Without a vehicle renting a bike is an option, too (if one can cope with
curious and laughing people who find it still strange that a “Mzungu”
goes by bike her/hisself. Going by bike is a real pleasure (provided you
have enough to drink and got used to the sun already a little bit).
rental fee: 300 to 400 kw/day but sometimes breaks aren’t in good
conditions…check the bike! if the tire breaks it is usually no problem
close to the villages due to many bike repair shops. during the journey
there is always somebody supporting with “first bike aid”. finally I can
totally agree with the mentioned experiences in the guide.
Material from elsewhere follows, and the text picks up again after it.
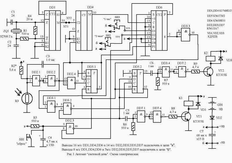 ЭНЦИКЛОПЕДИЯ РАДИОЭЛЕКТРОНИКИ И ЭЛЕКТРОТЕХНИКИ Автомат Световой день для приусадебного хозяйства. Энциклопедия радиоэлектроники и электротехники Энциклопедия радиоэлектроники и электротехники / Освещение В подсобном хозяйстве значительную роль играют приусадебные теплицы. Но зеленый огурчик или цветы к празднику требуют большого труда и умения. Одним из основных параметров для выращивания зимней зелени является освещение. Так, например, для огурца световой день должен составлять 16 часов, а для помидоров - 18 часов [1]. В некоторых теплицах практикуется круглосуточное освещение. Однако для нормального физиологического развития растений требуется несколько часов полной темноты. Существующие автоматы для теплиц [2] позволяют программировать включение и выключение досвечивания в фиксированное время. Например, с 18.00 по 22.00. Однако, как известно, максимальное изменение светового дня происходит в дни близкие к равноденствию (осеннему или весеннему). Это происходит из-за того, что при прохождении солнцем небесного экватора оно имеет максимальную угловую скорость. И наоборот. Минимальное изменение светового дня происходит в дни близкие к солнцестоянию. Само название говорит об остановившемся солнце. Солнце находится в высшей (низшей) точке своей орбиты (эклиптики) и имеет минимальное угловое перемещение. Это небольшое отступление в курс школьной астрономии позволяет лучше понять, почему осенью день уменьшается, а весной - увеличивается. Поэтому основным недостатком существующих автоматов для теплиц является фиксированное время включения и выключения освещения досвечивания. Предлагаемый автомат "световой день" включает освещение при наступлении сумерек и выключает при истечении запрограммированного времени светового дня. Время светового дня задается от 12 часов до 15 часов через один час при помощи двух переключателей. К достоинствам предлагаемого автомата можно отнести и то, что установка фоторезистора не критична к попаданию прямого света от освещения теплицы. Устранена и неопределенность переходного процесса момента включения счетчика. Имеется возможность включения (выключения) освещения в ручном режиме. Данный автомат может найти применение при включении освещения для аквариума и в других случаях, где необходимо продление светового дня, например, в птичнике или в животноводческом помещении. Принципиальная схема автомата: Автомат состоит из задающего генератора и делителя импульсов на микросхеме DD1. Делителя на 60 DD4 и реверсивного счетчика с предварительной установкой DD6; формирователя импульсов на элементах DD2.1, DD2.2; блока управления на микросхемах DD5, DD2.3, DD2.4, DD3.1, DD3.2, DD3.3. Двух формирователей импульсов большой длительности, состоящих из дифференцирующих цепочек C6, R7 и C5, R6; и инверторов на элементах DD3.4, DD7.2 и DD7.1, DD7.4. Ключей на транзисторах VT1, VT2 и реле К1, К2. Работа автомата основана на программировании времени светового дня путем установки кода на реверсивный счетчик DD6 с последующим вычитанием с дискретностью один час. Запуск счетчиков происходит утром, после освещения фоторезистора. После включения напряжения питания на выводе 9 элемента DD2.3 будет логический ноль, а на выводе 10 - логическая единица. Уровень логической единицы с вывода 10 обнуляет триггер DD5, и производит предварительную установку счетчика DD6.

destinations on the bike: Majete Wildlife Reserve: 1:15h ride from
Chikwawa. coming from the M1 just head north. after passing the Chikwawa
“town center” turn left on the one bigger junction. then just follow the
big rough road through an undulating area along maize fields and
villages. A short cut for “insiders” branches left opposite of the
hospital entrance and leads through the village. rare shadow. majete
wildlife reserve is very well-kept. an information center is in
developement. there are new activities for visitors, incl. community
visits. attractive to those interested in game (by car only!) or the
shire (Kapichiri falls). Accomodation is available. two campsites are
established but you can spend the night in your own mosquito net under
the sky, too (“bush tents” are provided). informations or booking
options: info@africanparksmw.com. site: www.majete.org, phone: +265 9
521 741. entrance fee 1000 kw for residence and 2000 kw for tourists
(both foreigners). cold drinks cost 100 kw (an additional tax incl.).

Nchalo: 2 hours ride, little shadow along an asphalt road, rather flat.
Nyala park is now accessible with cars only, too. (A snake bit a woman
one a bike…).
Sucoma Sugar estate: it unfortunately was not possible to visit the
factory. Again 30-45 minutes ride to the sports club. Daily fee has
risen to 1500 kw (incl. guarding the bike ;-). Really posh and rather
suitable for meeting whites or Hispanics instead of Malawians. Food is
delicious but portions are not too generous.

Maybe a word referring to malaria: after having used mefloquine once
without problems, I this time experienced those strange side effects…I
head for Doxycycline or Malerone the next time!!! A mosquito net is
essential on the lake shore – the nets there were in bad conditions …
all the other places had good nets, except doogles having none.